Existe-t-il un sentiment plus destructeur que la culpabilité ?

Un sentiment créé par soi et retourné contre soi. Une pure fiction qui nous paralyse et nous enlise.

Une forme de détestation de soi-même, d'être ce qu'on est.

Voilà comment je me sens ces derniers jours. Je n'arrive plus à rien faire sans m'en vouloir. Je me hais, et je me hais encore plus de me haïr.

Je suis rongée par la culpabilité. Par l'impression de ne plus savoir ce que je veux.

Je me sens coupable d'avoir choisi de ne pas travailler en ce jour férié.
Je me sens coupable de ne pas profiter pleinement de cette journée fériée.
Coupable de ne pas être allée voir ma mère.
Coupable de dormir trop.
Coupable de m'adonner à des tâches ménagères au lieu d'être dehors.
Coupable d'être dehors au lieu de m'occuper de tâches ménagères.
Coupable de ne pas écrire plus souvent sur mon blog.
Coupable de ne pas lire les journaux tous les jours.
Coupable de sortir.
Coupable de ne pas sortir.
Coupable de ne pas lire plus.
Coupable de ne pas voir plus souvent mes amis.
Coupable de manger trop de dessert.
Coupable de ne pas aller au théâtre.
Coupable de ne pas m'investir plus dans des sorties culturelles.
Coupable d'être inculte.
Coupable d'avoir envie de rien.
Coupable de me sentir coupable.
Coupable de me sentir mal.
Coupable de ne pas avoir eu tant de plaisir la fête de mon filleul.
Coupable de penser encore à Monsieur Z.
Coupable de ne pas cuisiner plus.
Coupable de pleurer.
Coupable de ne pas répondre au téléphone.
Coupable de faire l'amour.

Coupable à chacun de mes gestes.

Je me sens épuisée.

Je me sens laide.

Oui, parfois, être moi-même, c'est épuisant.

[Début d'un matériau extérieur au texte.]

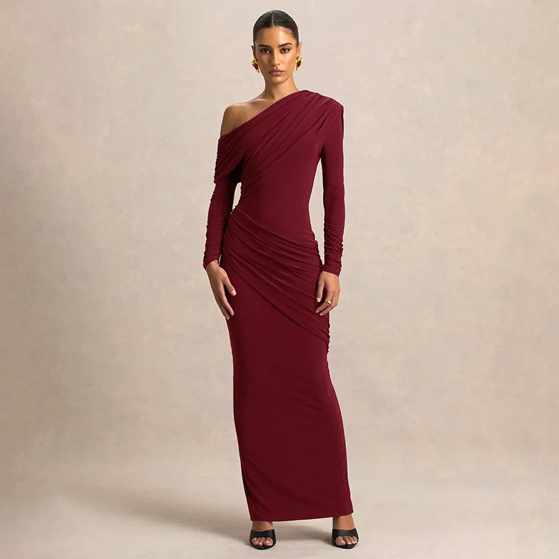 New York’s Fashion One Shoulder Long Sleeve Sexy Maxi Dress Women Gown Elegant Skew Collar Backless Ruched Bodycon Club Party Dresses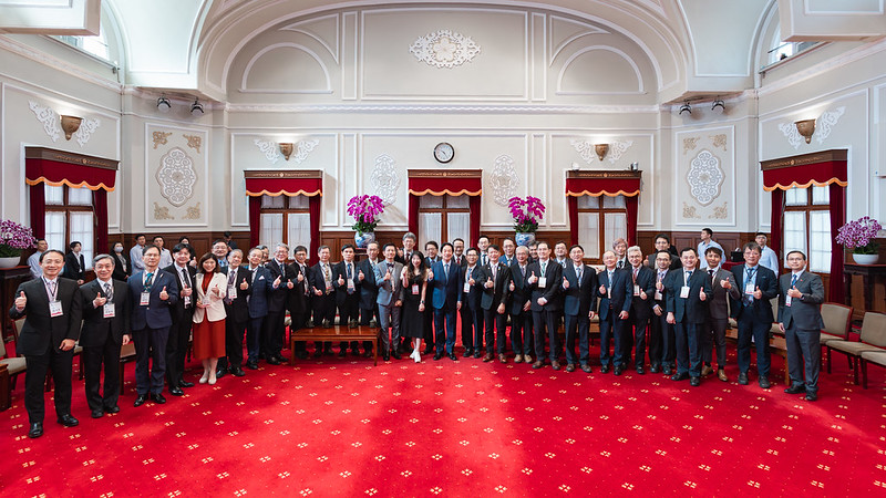 2025第40屆世界洋服同業聯盟代表團一行由中華民國洋服同業總會理事長陳志烽率領,經濟部次長賴建信陪同,前來總統府拜會蕭副總統。2025/12/04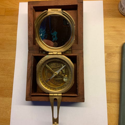 Fint kompas - bør efterfyldes - dia. 25 cm - dybde 16 cm - med mulighed for belysning i kompas.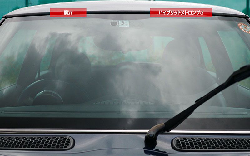フロントガラスに『魔π』と『ハイブリッドストロングα』を施工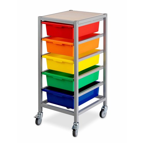Single trolley frame only. Perfect to use with the Tote trays range. Also available as 10 and 15 bay storage unit, please see codes 2793878 and 2793879. Mix and match the tote tray colours to create a stimulating learning space. The perfect storage solution for the classroom. Constructed metal frame and mounted on lockable castors. White or oak wood laminate finish top - choose when assembling. Delivery, installation and assembly charges may apply to furniture. Please enquire to confirm.
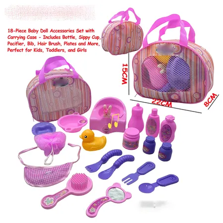 18 pcs doll accessories in carry bag, you can change the different style accessories , and bag style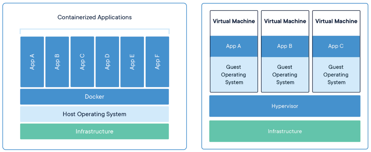 - pomocí Dockeru jsme schopni dosáhnout virtualizace stejně jako s virtuálními stroji (VMs)

Mon esprit est mon pire ennemi.

Je veux arrêter de penser à lui.

Dites-moi comment le détruire une bonne fois pour toutes.

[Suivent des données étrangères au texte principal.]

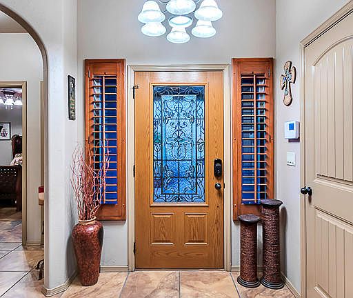 Beautiful home nested on the edge of the gorgeous South Valley. It's a spacious 3 bedroom, 2 bathroom at 1694 sq/ft with a 2 car garage. It boast high ceilings, fireplace, title throughout as you walk thru the entry arch way with custom carved wood pillars into an open, spacious floor plan. Granite counter tops throughout including the kitchen island breakfast bar accented by the the custom cabinets. Kitchen also includes pantry and skylight with dinning room. Master bath features double sinks, with jetted tub to relax in after a long day! For your outdoor enjoyment and entertainment your covered patio features tile counter/breakfast bar and grilling area complemented by grass yard and trees for fun and play.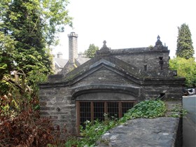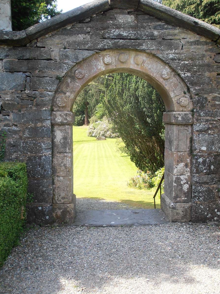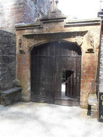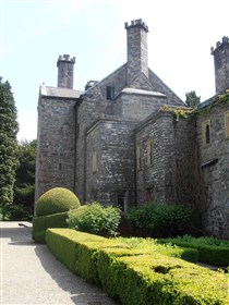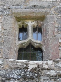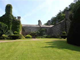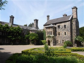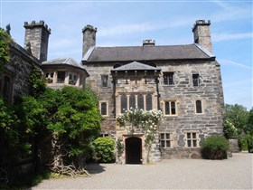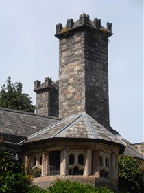 Gwydir Castle is an irregularly planned house in late Perpendicular Gothic style with some late 16th century Renaissance detailing. It is of roughly J-shaped plan, constructed of slate-stone blocks with sandstone dressings and slate roofs. Many of the building materials came from Maenan Abbey. The Upper Hall, known as the Hall of Meredith, has three main bays, then a half-bay at the south-west, which indicates a dais canopy. The ceiling was scraped of plaster, including a flat Elizabethan ceiling, in the 1950s, resulting in the reincorporation of the open roof into the hall. The fireplace at the south-west end has a simple timber lintel, probably meant for plaster. At the north-east end is the oak-framed smoke-bay. The roof looks early as it is shallow-pitched with arched-braced collar-trusses with apex struts, and short cusped wind-braces. It is possibly fifteenth century. The four storey solar tower is at right angles to the Hall of Meredith and is early to mid sixteenth century in date. The Tudor archway is dated 1555 and had a timber-framed upper storey until 1820. There are also north and west wings, the latter being a nineteenth century copy of the mid-sixteenth century former. The building was gutted by fire in 1912 and 1922. There is a painted stencilled frieze above panelling and painted genealogical table in the dining room. (Coflein–ref. CADW listed buildings descriptions)
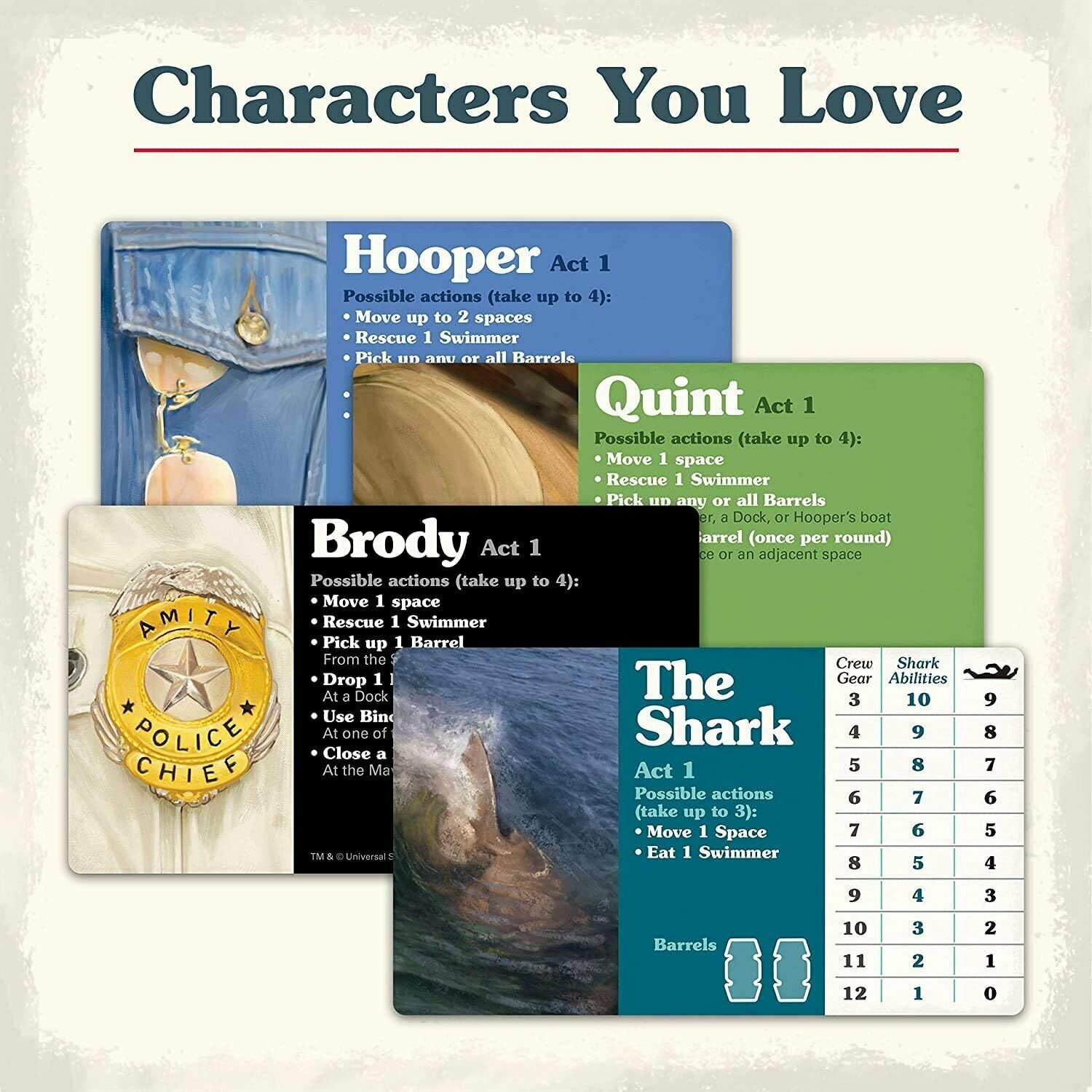 Один игрок выбирает в качестве персонажа Акулу. Остальные игроки выбирают в качестве персонажей Квинта, шерифа Броуди и Хупера – членов Экипажа, которым предстоит работать сообща, чтобы устранить Акулу. Игра состоит из двух действий, причем успех в Действии 1 обеспечивает преимущество в Действии 2. Также можно разыграть каждое действие по отдельности в качестве более короткой партии.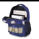 キャラクター風デザインの青いバックパック、調整可能なバックルと大容量の内部スペースを備えています。
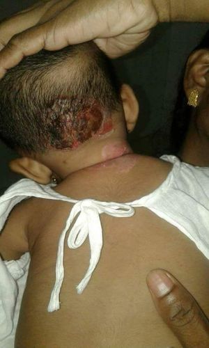 H/O: 11 months old baby girl having Fever since 1 week, severe itching, redness on surrending effected area.

Dites-moi comment me débarrasser de ce sentiment de culpabilité.

Dites-moi comment c'est possible de faire 3 pas pour reculer de 5.

Dites-le-moi, je suis épuisée de penser.

mardi 2 octobre 2012

Down

Plus la montée est vertigineuse, plus la chute est douloureuse.

Allez savoir pourquoi, vendredi j'étais dans un état d'euphorie tel que je ne tenais plus en place.

J'ai bu du vin. Beaucoup.

J'étais avec une amie. Et ensuite avec des amis d'une amie. Et ensuite dans une taverne des bas fonds de Montréal. Remplie de beaux messieurs.

Enivrée par mon euphorie, elle-même amplifiée par le vin, je suis montée, et montée, et montée beaucoup trop haut. J'explosais de bonheur. Je planais.

La vie était parfaite, cette soirée-là.

Devenue soudainement entreprenante, rien à mon épreuve, j'ai même laissé mon courriel à un charmant jeune homme avec qui j'ai discuté jusqu'à la fin de la soirée.

Mauvaise idée. J'aurais dû laisser la vie suivre son cours.

Dimanche, quand je lui ai écrit, j'ai commencé à descendre de mon nuage.

Je suis descendue, et descendue, et puis j'ai ressenti à nouveau, depuis longtemps, ce vide, ce creux lancinant qui tenaille le ventre.

Cette solitude insoutenable.

Cette attente angoissée.

Mais oui, j'étais certaine qu'il allait me répondre. Et il ne m'a pas répondu.

On passe à un autre appel.

Sauf que moi je ne passe pas à un autre appel aussi facilement.

Et là, je patauge pathétiquement dans la morosité, la mauvaise humeur, l'insomnie et les cauchemars.

Allez, Ligeia, relève-toi.

Et méfie-toi de tes montées exponentielles; il se cache en leur sein un monstre noir qui attend la moindre faiblesse de ta part pour te happer et te ramener au fond des eaux obscures et froides.

mardi 7 août 2012

Manger : passion, obsession, et signe d'espoir

Ce week-end, j'ai mangé démesurément.

Vendredi, avec cette chère amie S., nous voulions festoyer à l'événement "1ers vendredis du mois" tenu au Parc olympique. Les 1ers vendredis du mois, c'est un nouveau concept pour rentabiliser l'inutile et vaste esplanade du Stade olympique. Procédé (la Ville) : installer des roulottes de bouffe de rue un peu partout. Fonctionnement (les citoyens gourmands) : manger et boire le plus possible, car il faut tout essayer. Ainsi, j'ai mangé comme entrée un hamburger au fromage accompagné de chips maison. Ensuite, comme plat principal, j'ai goûté au fameux pulled pork de Pas d'cochon dans mon salon.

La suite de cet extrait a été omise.